Despite the reductions in commodity prices, interest rates have remained low.
“Interest rates continue to stay relatively low in respect to where they have been,” Geis adds. “The Fed moved the interest rate a quarter of one percent.”
By way of background, Geis explains that the Federal Reserve (Fed) was created Dec. 23, 1913 by Congress to provide the nation with a safer, more flexible and more stable monetary and financial system. The Fed regulates the U.S. monetary system and evaluates the financial health of the U.S. economy.
They provide certain financial services to the U.S. government, U.S. financial institutions and foreign official institutions, playing a major role in operating and overseeing the nation’s payments systems.
In addition, they determine the rate at which banks can borrow money.
“Banks that don’t have any excess capital around can go to the Fed to borrow money and lend it out because of loan demand,” he continues. “We borrow money from the Fed at a rate of 0.05 percent. As they raise that rate, the trickle-down cost of borrowed funds is passed on to the consumer.”

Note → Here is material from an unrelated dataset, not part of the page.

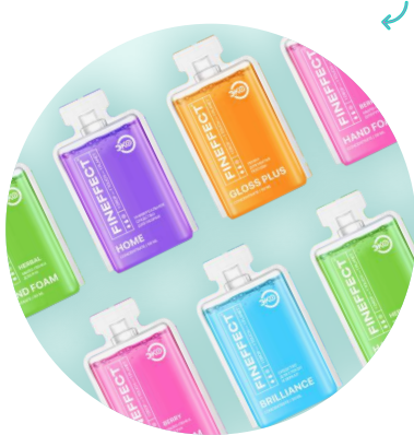
Household chemicals concentrates

Banks in Wyoming have seen a slight increase show up in their markets related to increased interest rates.
“One-quarter of one percent is not going to be a breaking point for anyone by any means,” he notes.
“There are some items that producers can adjust to make up loan interest rate increases,” Geis continues. “We looked at crop information that was put out on Jan. 11, and it looks like some of the costs of production are starting to come down.”

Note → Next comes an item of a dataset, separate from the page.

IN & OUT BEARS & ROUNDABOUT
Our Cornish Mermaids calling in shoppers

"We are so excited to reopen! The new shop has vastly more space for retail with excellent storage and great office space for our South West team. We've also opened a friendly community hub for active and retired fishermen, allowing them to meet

As commodity prices rise, he notes that seed dealers, fertilizer salesmen and others all want a piece of the pie.
“Seed, fertilizer and fuel all have a propensity to move with the commodity prices,” Geis explains. “We usually see a 12-month lag time to react to a downward trend in prices. It looks like we may be seeing that a bit, which will provide some relief to the soft commodity prices right now.”
With many positives in ag lending for producers, Geis adds that the banking industry sees other challenges, particularly as they relate to regulations.

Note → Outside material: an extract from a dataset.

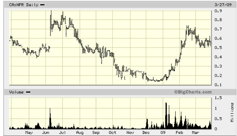
NORTHERN FREEGOLD (NFR) MARKET CAP $46 MM

“Regulatory requirements continue to come out of the woodwork,” he says. Specifically, Geis highlights the Dodd-Frank Bill, which passed nearly five years ago.
“They continue to write rules, regulations and laws that are associated with that bill,” he says. We see those regulations come out of Washington, D.C.”
Regulations mean increased expenses, and Geis notes that the cost of doing business means that more compliance personnel are necessary to handle new regulations.
Other challenges that face agriculture, including EPA regulations, also affect the banking sector.